Work instruction: Each entry should be returned exactly as written, with no pictures carried over.

(Data entries)
┌────────
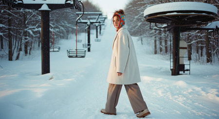 A young woman in a white coat and a red headscarf walks in the winter park.
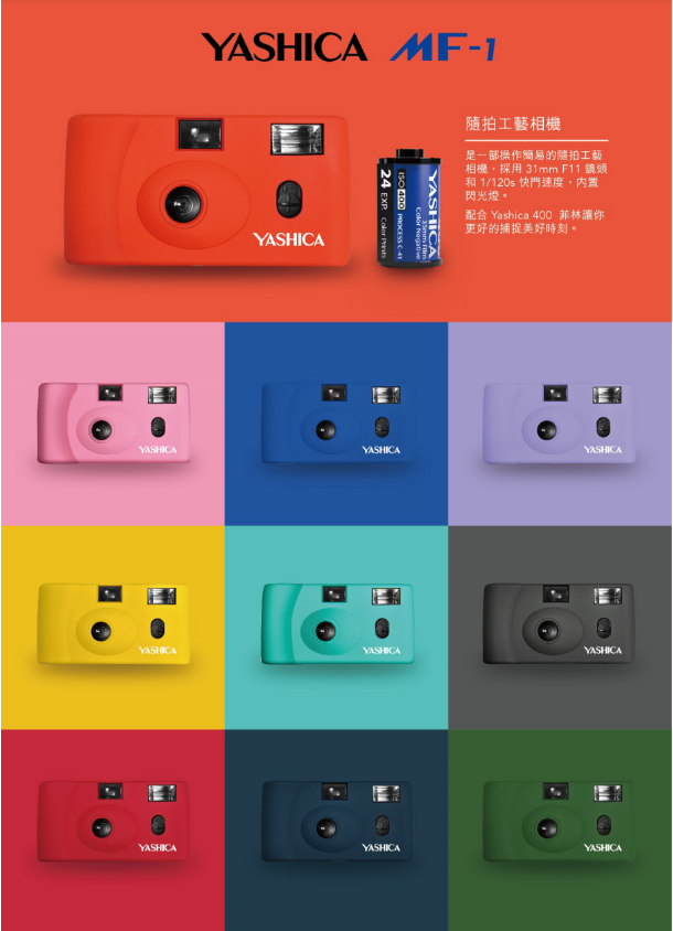 「文青又夾帶復古」風格絕對是最受各位後生仔女追捧的,除了衣著上走簡約愜意的打扮,同時有一樣東西令「真文青」和「偽文青」都愛不釋手,那就是菲林相機,而今年最令人驚喜的是擁有悠長歷史的日本品牌YASHICA再度活躍,推出經典菲林相機的MF-1、MF-2復刻版,YASHICA再度受大家追捧。
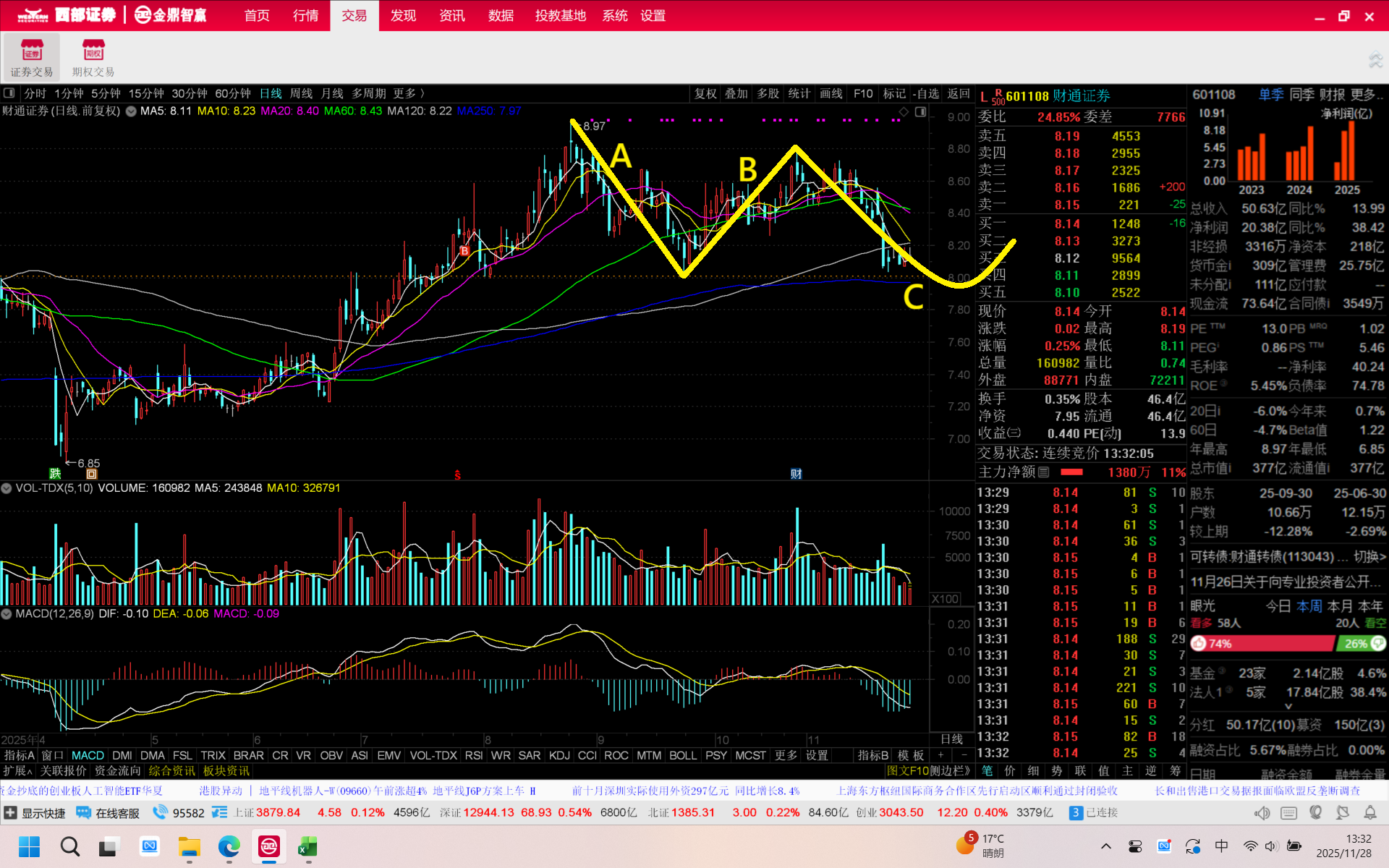 券商板块先于大盘调整,目前正在运行小C浪调整。。。近期有可能完成短线调整。。。券商板块12月大概率会出现反弹。。。。2026年1月中旬,年报业绩预告会大面积出现。
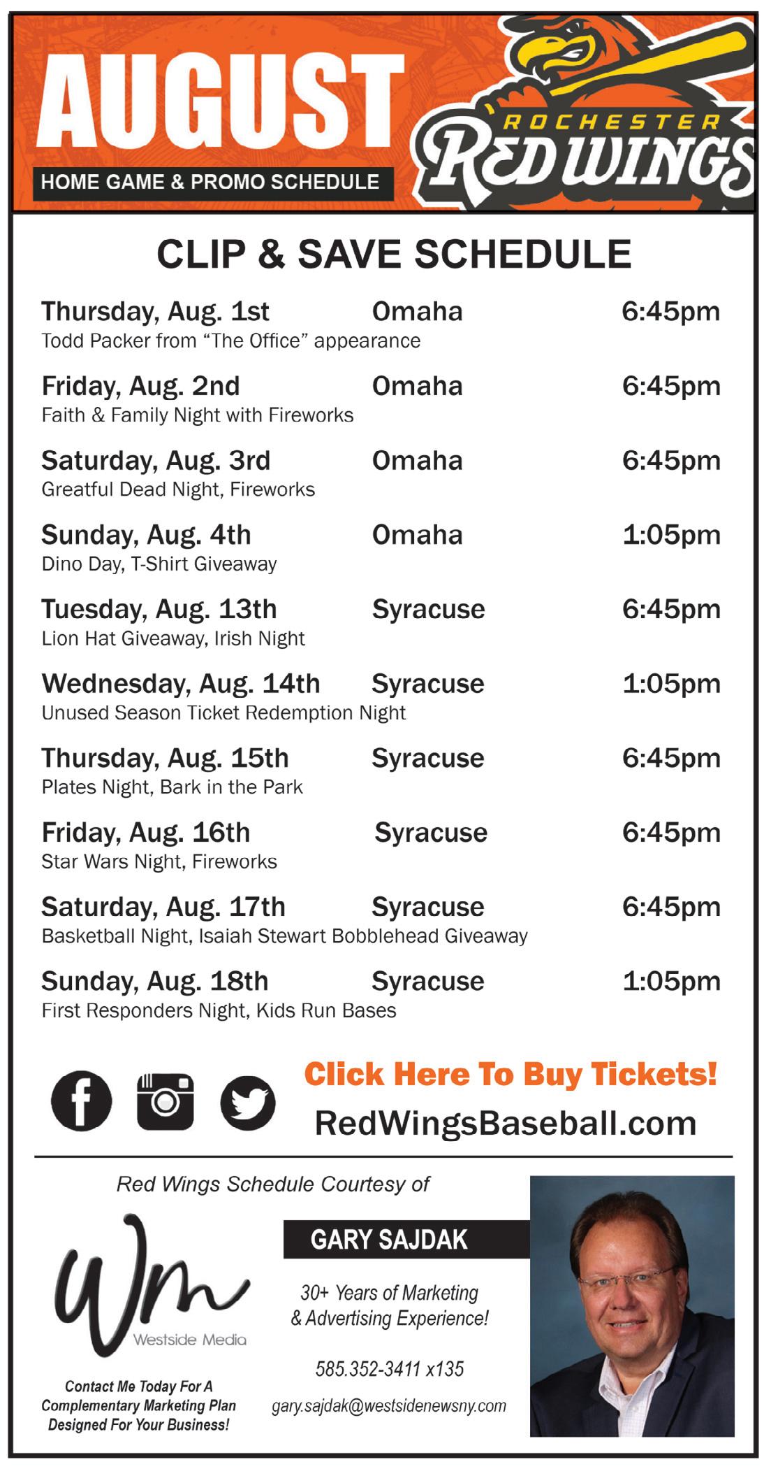 12 Rochester Red Wings August Game & Promo Schedule
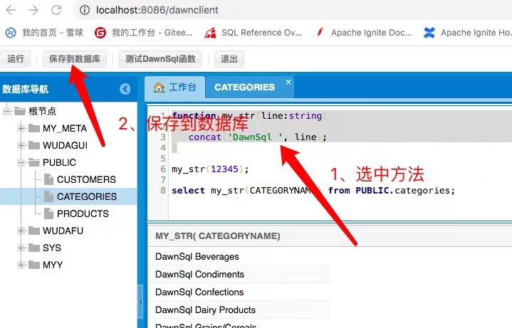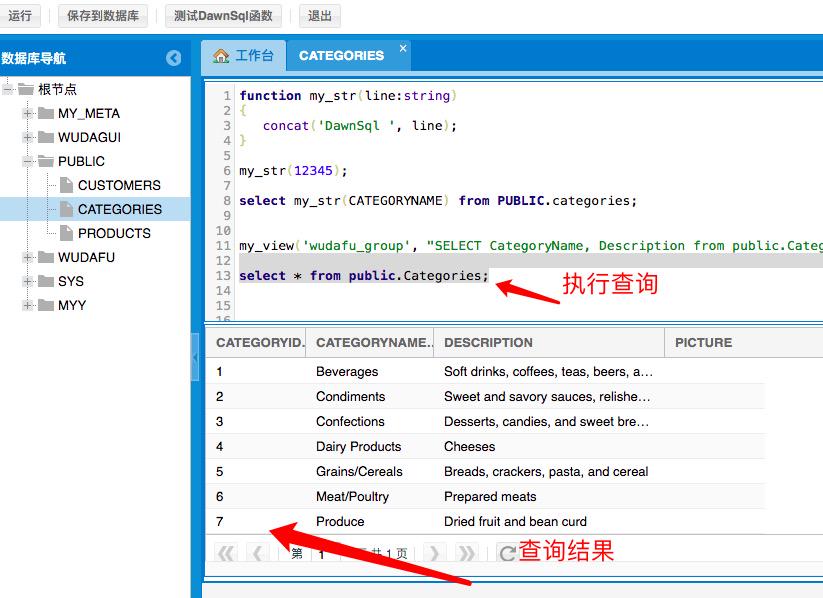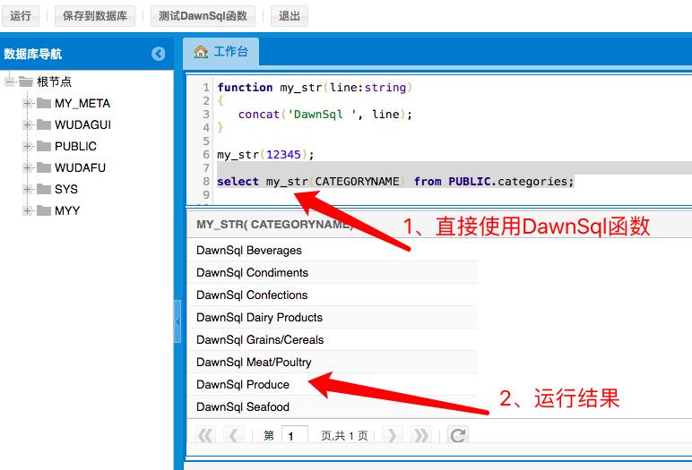 -- 2、当把 DawnSql函数中提交到数据后,就可以在 sql 和 DawnSql 中使用这个函数
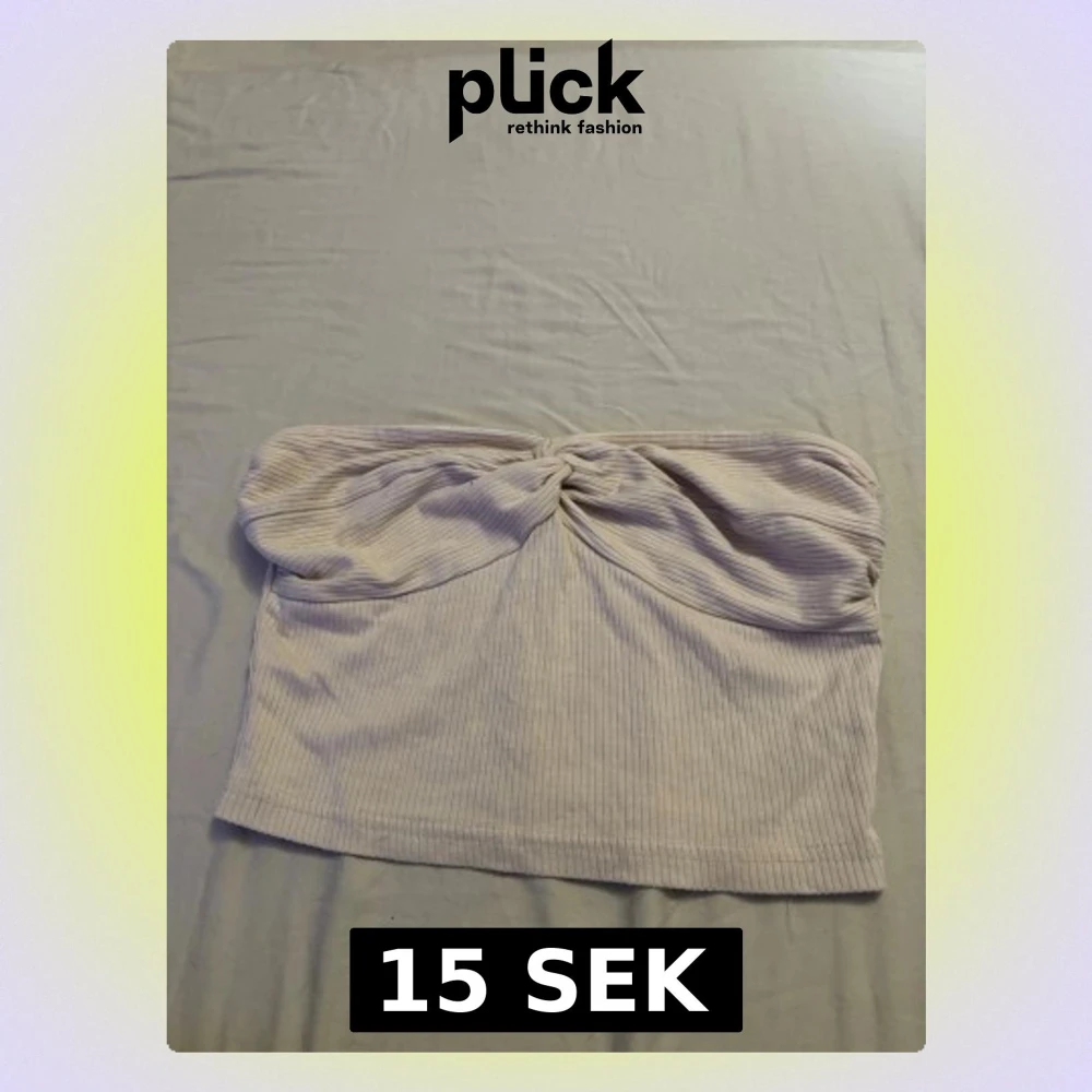 Trendig ljusbeige tubtopp i ribbat material med snygg twistdetalj framtill. Toppen är axelbandslös och har en croppad passform som passar perfekt till höga jeans eller kjol. Säljer denna pågrund av av den inte kommer till användning
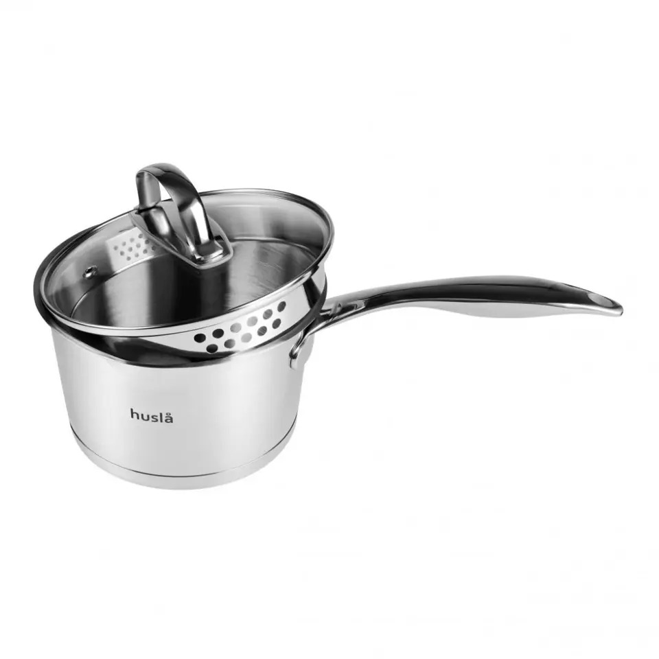 - garnek z pokrywą szklaną i cedzakiem 18 cm poj. 2,3 L
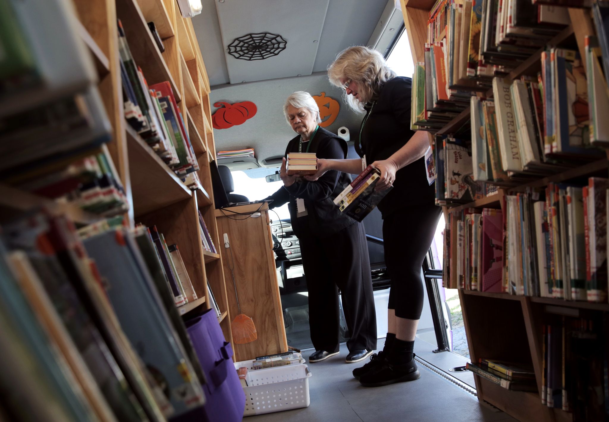 Linda, 55, started driving the bookmobile in November 2017. The job has bridged a gap in her life.
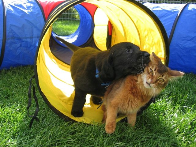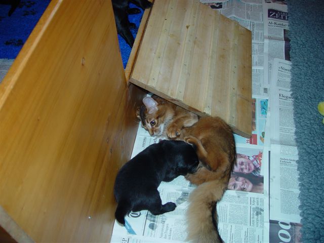 Eine neue Mitbewohnerin hat es in die Wurfkiste verschlagen und sie wird sofort vom Türsteher auf Herz und Nieren überprüft. Lucy, eine Somalikätzin, ist selber noch ein halber Welpe.
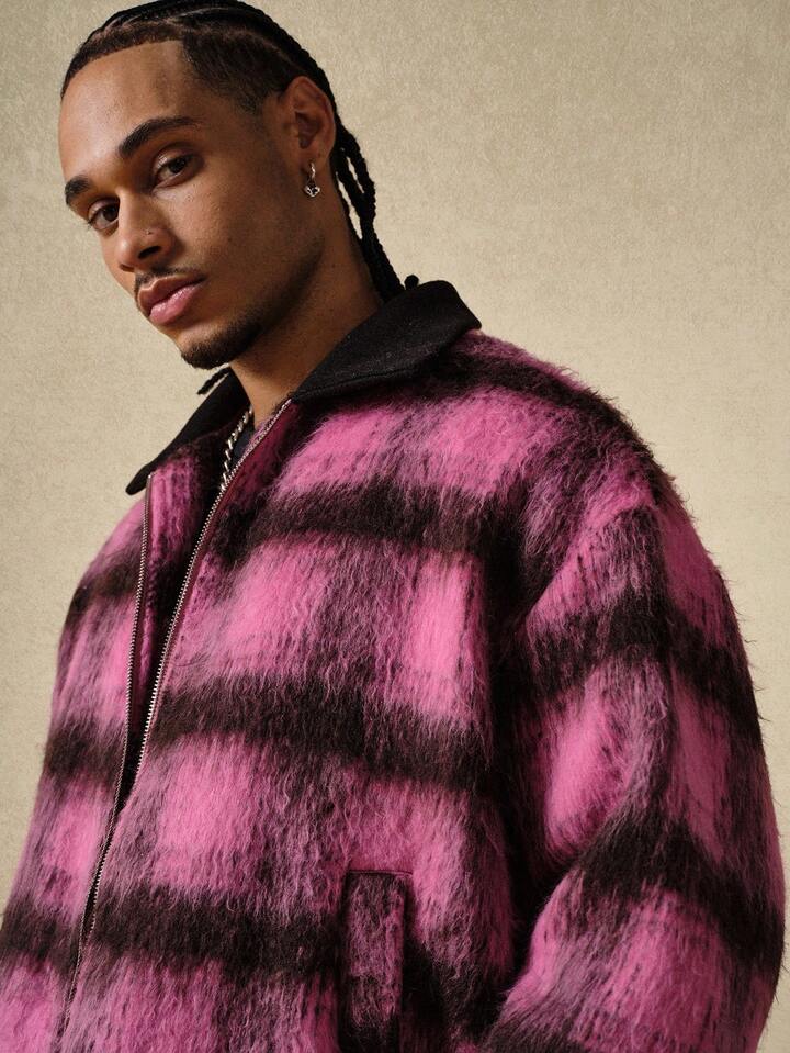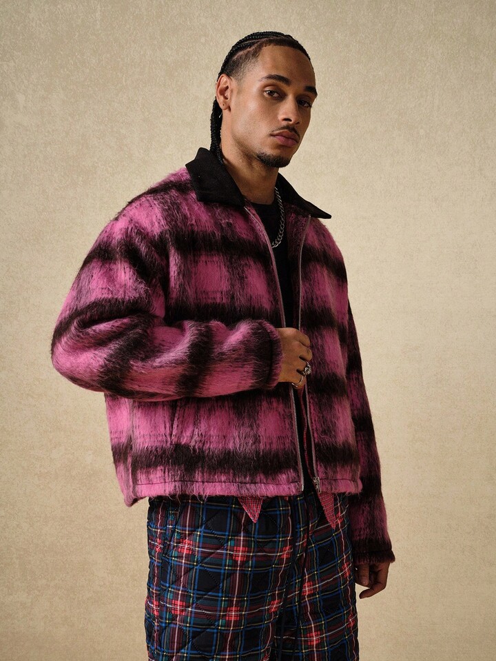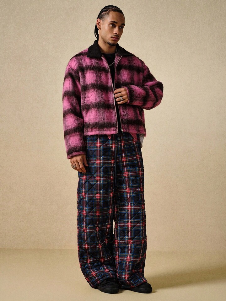 Street Life Men's Plaid Woolen Zip-Up Loose Overcoat , Fall Winter
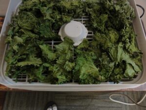 ケールの葉を採って、芯を抜いて葉だけにして適度に小さくして数時間乾燥機にかけます。
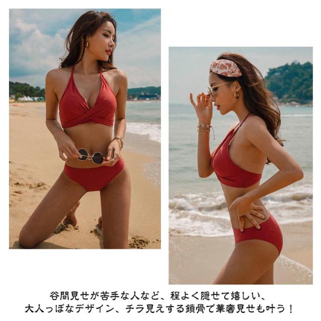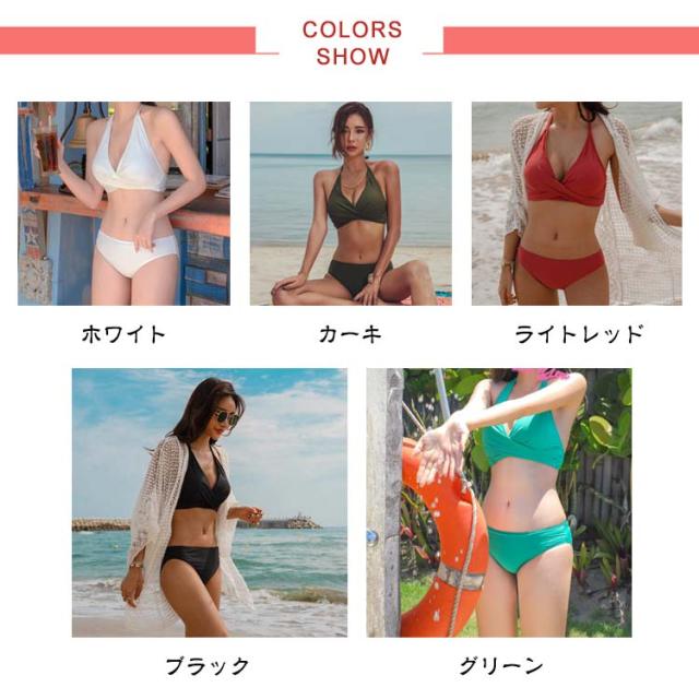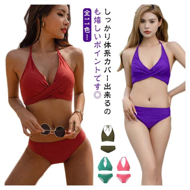 全11色!ビキニ レディース 20代 セット 水着 可愛い セクシー おしゃれ 大人 タンキニ みずぎ 体型カバー 送料無料 ノンワイヤー セパレート 韓国風 無地 カーキ オトナ女子 盛れる きれいめ
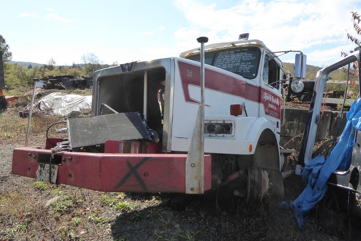 Inventory # 0803204Year: 1998 Make: Western Star Model: 4964S Type: Tandem Axle Cab Cut Motor: None Air to Air: No Engine Brake: No Transmission: None PTO: hyd pump runs off front of engine Rear: Rockwell RT50-160 50,000 lb - SOLD Ratio: 3.58 Power Divider: Yes Suspension: Hendrickson spring 48,000 lb - SOLD Tires: None Rims: None - 10 Bolt Hub Pilot F/A Length: Approx. 14' Width: Approx. 8' Height: Approx 8' Odometer Reading: 20,940 ECM: n/a Hour Meter Reading: Wheelbase: Cab to Axle: Cab to End: Weight: GVW: 62,400 lbs Mixer Details: Added Details: No Engine - No Trans - hood length approx. 66.5" - rear SOLD - body & frame SCRAPPED Price: SOLD 1YDXXTRCIJJXXTQRTVDPGEJXRT+600+500 Terms of Sale
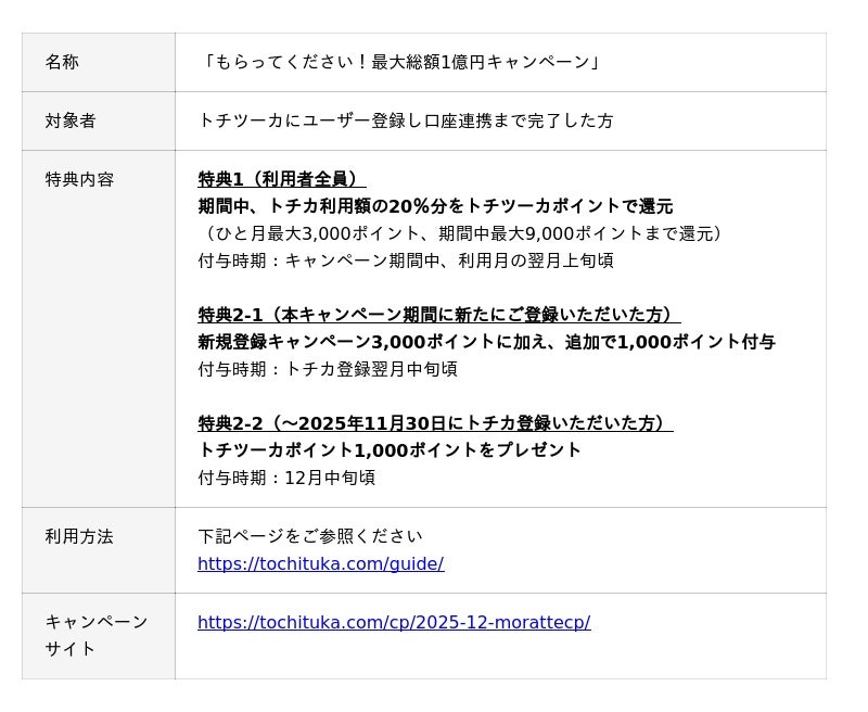 現在実施中の「もらってください!最大総額1億円キャンペーン」では、トチツーカにご登録のうえ口座連携まで完了された方を対象に、ポイント進呈を行っており、2026年2月28日(土)まで実施中です。
└────────
Problem solution:
 A young woman in a white coat and a red headscarf walks in the winter park.
 「文青又夾帶復古」風格絕對是最受各位後生仔女追捧的,除了衣著上走簡約愜意的打扮,同時有一樣東西令「真文青」和「偽文青」都愛不釋手,那就是菲林相機,而今年最令人驚喜的是擁有悠長歷史的日本品牌YASHICA再度活躍,推出經典菲林相機的MF-1、MF-2復刻版,YASHICA再度受大家追捧。
 券商板块先于大盘调整,目前正在运行小C浪调整。。。近期有可能完成短线调整。。。券商板块12月大概率会出现反弹。。。。2026年1月中旬,年报业绩预告会大面积出现。
 12 Rochester Red Wings August Game & Promo Schedule
 -- 2、当把 DawnSql函数中提交到数据后,就可以在 sql 和 DawnSql 中使用这个函数
 Trendig ljusbeige tubtopp i ribbat material med snygg twistdetalj framtill. Toppen är axelbandslös och har en croppad passform som passar perfekt till höga jeans eller kjol. Säljer denna pågrund av av den inte kommer till användning
 - garnek z pokrywą szklaną i cedzakiem 18 cm poj. 2,3 L
 Linda, 55, started driving the bookmobile in November 2017. The job has bridged a gap in her life.
 Eine neue Mitbewohnerin hat es in die Wurfkiste verschlagen und sie wird sofort vom Türsteher auf Herz und Nieren überprüft. Lucy, eine Somalikätzin, ist selber noch ein halber Welpe.
 Street Life Men's Plaid Woolen Zip-Up Loose Overcoat , Fall Winter
 ケールの葉を採って、芯を抜いて葉だけにして適度に小さくして数時間乾燥機にかけます。
 全11色!ビキニ レディース 20代 セット 水着 可愛い セクシー おしゃれ 大人 タンキニ みずぎ 体型カバー 送料無料 ノンワイヤー セパレート 韓国風 無地 カーキ オトナ女子 盛れる きれいめ
 Inventory # 0803204Year: 1998 Make: Western Star Model: 4964S Type: Tandem Axle Cab Cut Motor: None Air to Air: No Engine Brake: No Transmission: None PTO: hyd pump runs off front of engine Rear: Rockwell RT50-160 50,000 lb - SOLD Ratio: 3.58 Power Divider: Yes Suspension: Hendrickson spring 48,000 lb - SOLD Tires: None Rims: None - 10 Bolt Hub Pilot F/A Length: Approx. 14' Width: Approx. 8' Height: Approx 8' Odometer Reading: 20,940 ECM: n/a Hour Meter Reading: Wheelbase: Cab to Axle: Cab to End: Weight: GVW: 62,400 lbs Mixer Details: Added Details: No Engine - No Trans - hood length approx. 66.5" - rear SOLD - body & frame SCRAPPED Price: SOLD 1YDXXTRCIJJXXTQRTVDPGEJXRT+600+500 Terms of Sale
 現在実施中の「もらってください!最大総額1億円キャンペーン」では、トチツーカにご登録のうえ口座連携まで完了された方を対象に、ポイント進呈を行っており、2026年2月28日(土)まで実施中です。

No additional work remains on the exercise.